Confortola intervistato da Roccati: ripido, concatenamenti e sicurezza

Cari amici,
il Covid quest’anno ha cambiato i piani e l’esistenza a tutti noi, ma ci ha dato anche modo di pensare e di vedere le cose da una prospettiva diversa, arrestando la nostra corsa a testa bassa. Qualche giorno fa ho avuto un dialogo con l’amico Marco Confortola e ho pensato di intervistarlo nella stessa ottica; ho voluto chiedergli non solo di Himalaya, ma anche dei tanti lati che sono magari passati in secondo piano…

Non la “solita” intervista a un super big che viene mostrato come un super uomo, con foto patinate e riflettori, ma davvero un semplice scambio tra appassionati di montagna.

Marco, tu sei famoso per vari motivi, ma soprattutto per essere il “Cacciatore di 8000”. Se c’è una cosa che il Covid ci ha insegnato, è fermarci un istante a guardare in casa nostra. Prima dell’Himalaya, in primavera, tu vivevi sulle montagne delle tue valli, con realizzazioni incredibili senza ripetizioni o quasi.

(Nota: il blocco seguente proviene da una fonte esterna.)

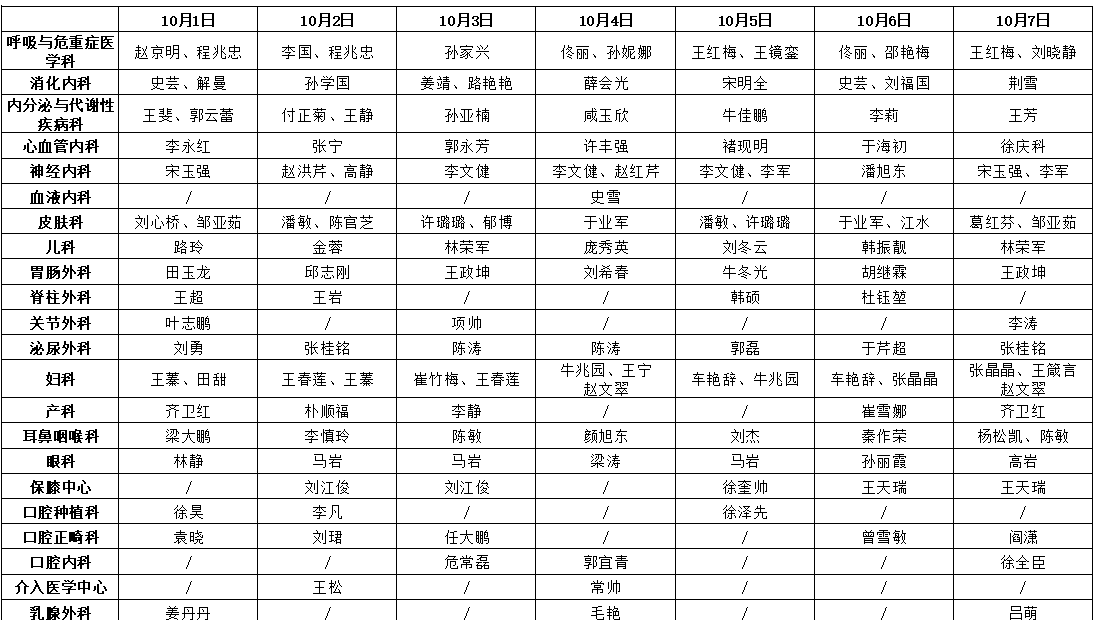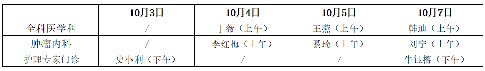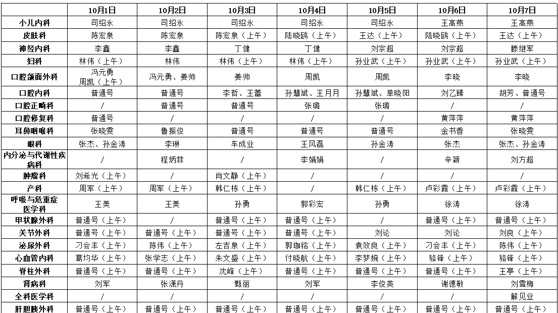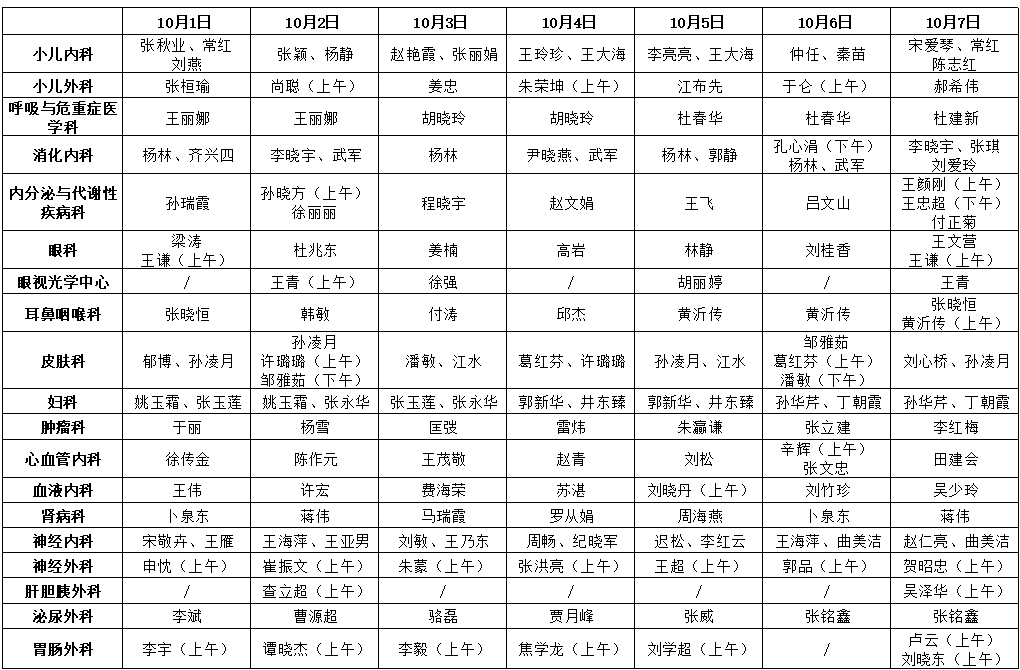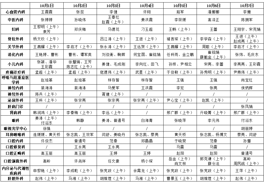 · 放射科、腹部超声科、心脏超声科时间:10月5日7:30-12:00
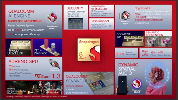 骁龙8 Gen2采用台积电4nm工艺制程,内部型号SM8550-AB,号称要在2023年再度颠覆旗舰机格局,官方主要强调的看点包括突破性的AI性能、无与伦比的连接性、冠军级游戏体验、可信安全等。
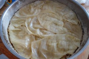 Amu le pui în laboșu cel gros, le pui în straturi. Laboșu l-ai uns naintie pă di-nlontru cu unsoare. Așe cum-îi uns, țâpti în iel on pumn die prezli și întorci laboșu să să lipască prezli păstă unsoare. Diabdie amu poț punie în laboș ce ai die pus. Împărțăști curethiu în tri, tocana și razalăii în duoauă. Pui în straturi ce ai, începti cu curethi și gheț cu curethi. Și la mnijloc pui on strat die curethi că doară di-aceie p-aista l-ai împărțât în tri. Noa, gata! Die ai la-ndămână on păhar die zupă die găină o die pui, punie-l să să scurgă pântre straturi. Die n-ai, punie apă caldă, binie-a hi ș-așe. Păstă tăt ce-ai pus întinz tri-patru frunză întreji die curethi și numa’ dup-aceie pui fidieu’ pă laboș. Baji în ler laboșu, așe coperit cu fidieu. După on cias scoț laboșu și-l baji napoi da fără fidieu. Tie uiț după o vreme cam cum-îi, tre’ să să scorțălească o țâră pă diasupra. Când îț place cam cum coată afară, mâncarea-i gata!
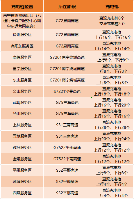 南宁高速公路运营有限公司管辖范围内共14对双侧服务区、1个单侧服务区、7对停车区,服务区已全部配置有充电桩,具体布情况如下:
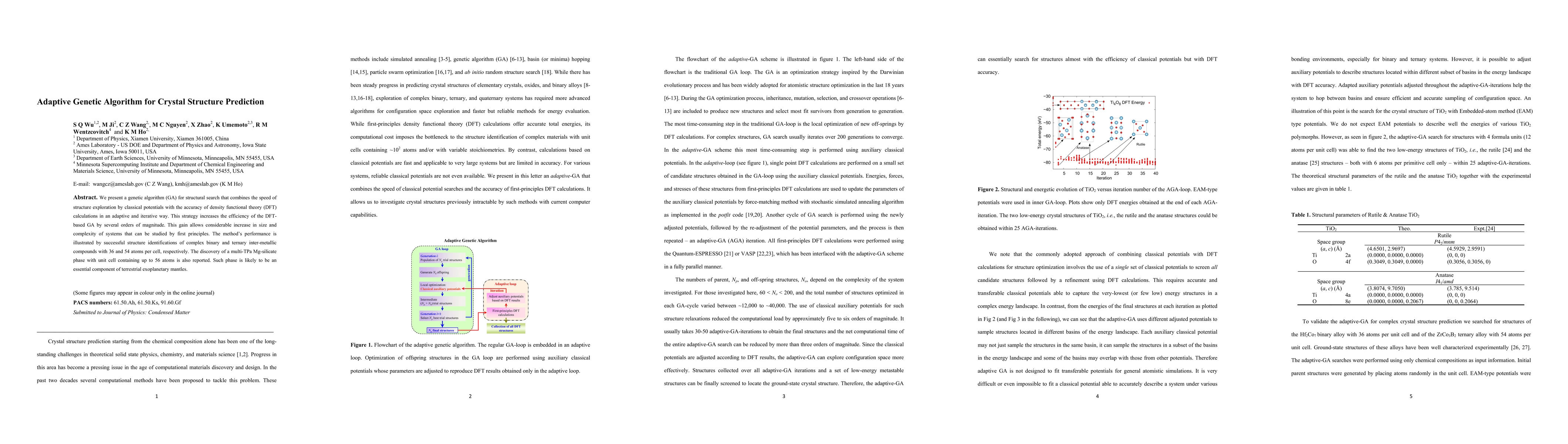 This paper introduces an adaptive genetic algorithm that enhances crystal structure prediction by combining classical potentials with density functional theory, significantly improving efficiency and enabling the study of larger, more complex systems. The method successfully identifies complex inter-metallic compounds and discovers a high-pressure Mg-silicate phase potentially vital for exoplanetary mantles.
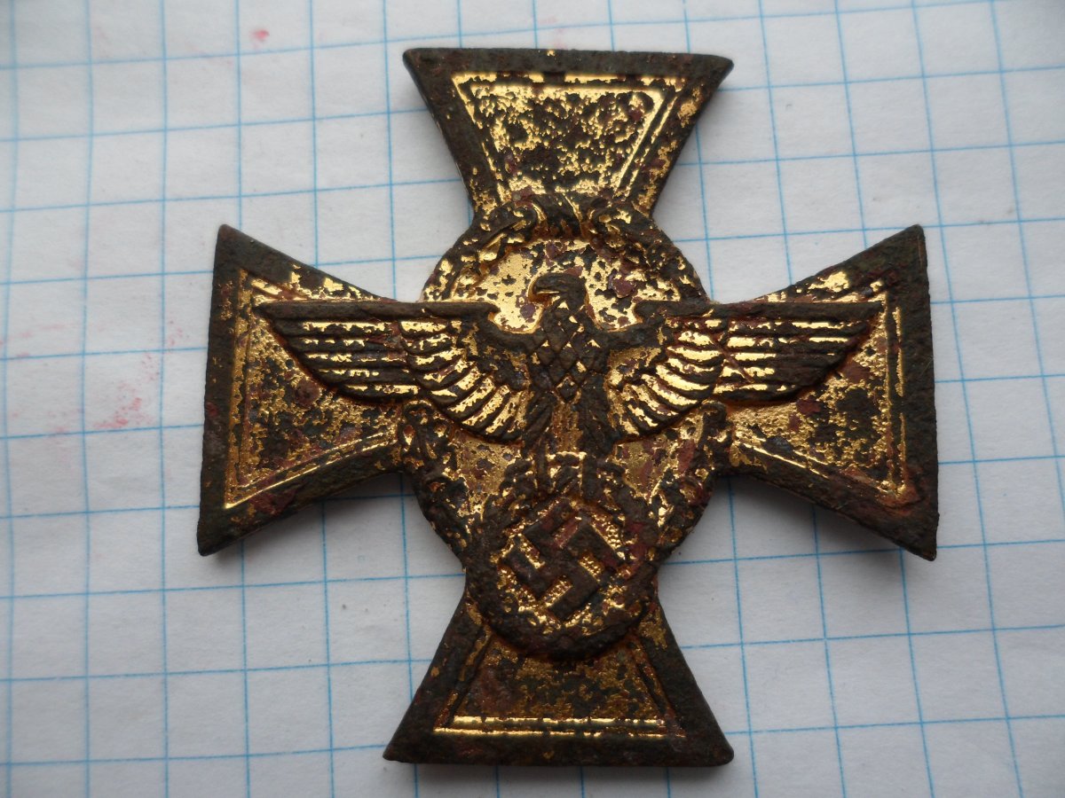 добрый вечер,вот такой крест находил, давно правда,но свежо воспоминание найден у нас в соседнем районе место ,предположительно штаб немецкой армии просто интересно что человек который носил этот крест работал в полиции еще до прихода к власти гитлера знатный наверное полицай рядом была еще медаль в память 1 октября 1938 г медали уже нет
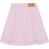 Pink, knee length skirt in a soft cotton and viscose blend. It has elastic at the waist, side seam pockets and brass coloured snaps on the front. The skirt is circular and drapes beautifully.
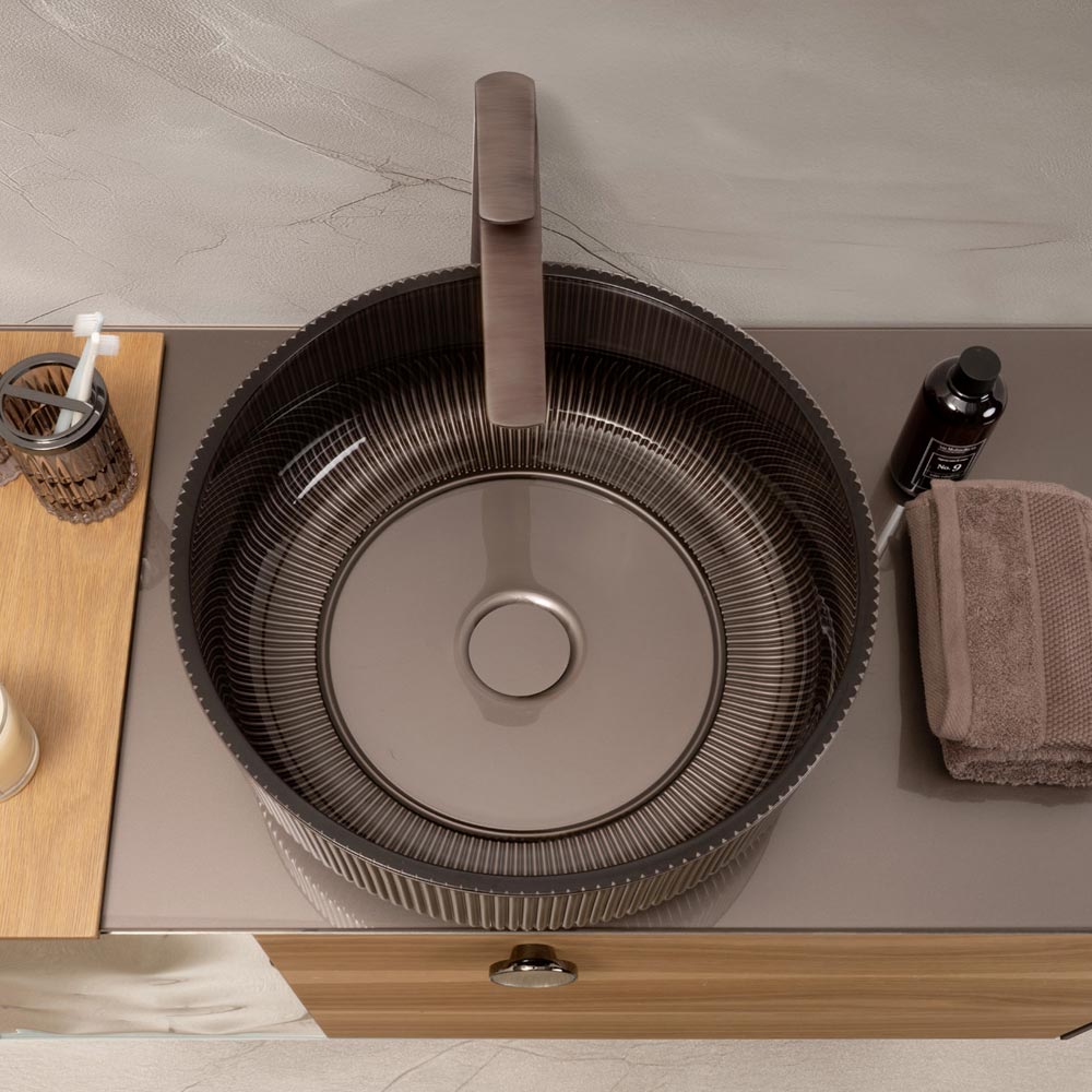 Available in sophisticated color versions , the sink adapts to both classic and contemporary settings, always lending an exclusive and refined character. The shades, combined with the natural brightness of the glass, lend depth and movement, transforming the sink into a truly decorative work of art.
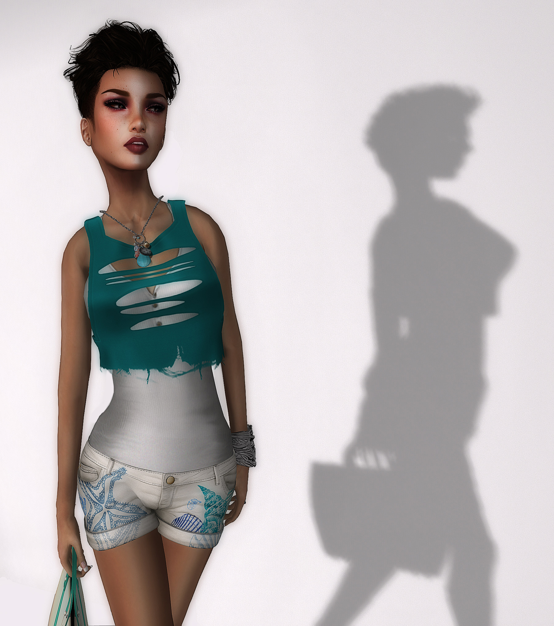 It’s still not really summer here – 15 C for the last few days – so I’ll wear summer clothes in SL! ๐ I love the new shorts by erratic! Grabbed the bag and torn overshirt at SL Fashion Week, and the sexy slingbacks from Belgravia are Slink addons. I can’t wait to see more of the Whisper skin by Essences! And the boy haircut is from Dura, my fav place to go to for short hairstyles.

Vorrei mi parlassi delle tue discese ripide ed estreme.
Lo sci estremo per me è sempre stato qualcosa di particolare, essendo un maestro di sci. Mi ha sempre attirato e ho cominciato con la nord del Tresero, scendendo la via dei seracchi e poi la parete nord del Pasquale. Rendendomi conto delle mie possibilità ho iniziato a guardare la nord dell’Ortler: una parete difficilissima, dove se sbagli non serve un bravo ortopedico, ma un fiorista!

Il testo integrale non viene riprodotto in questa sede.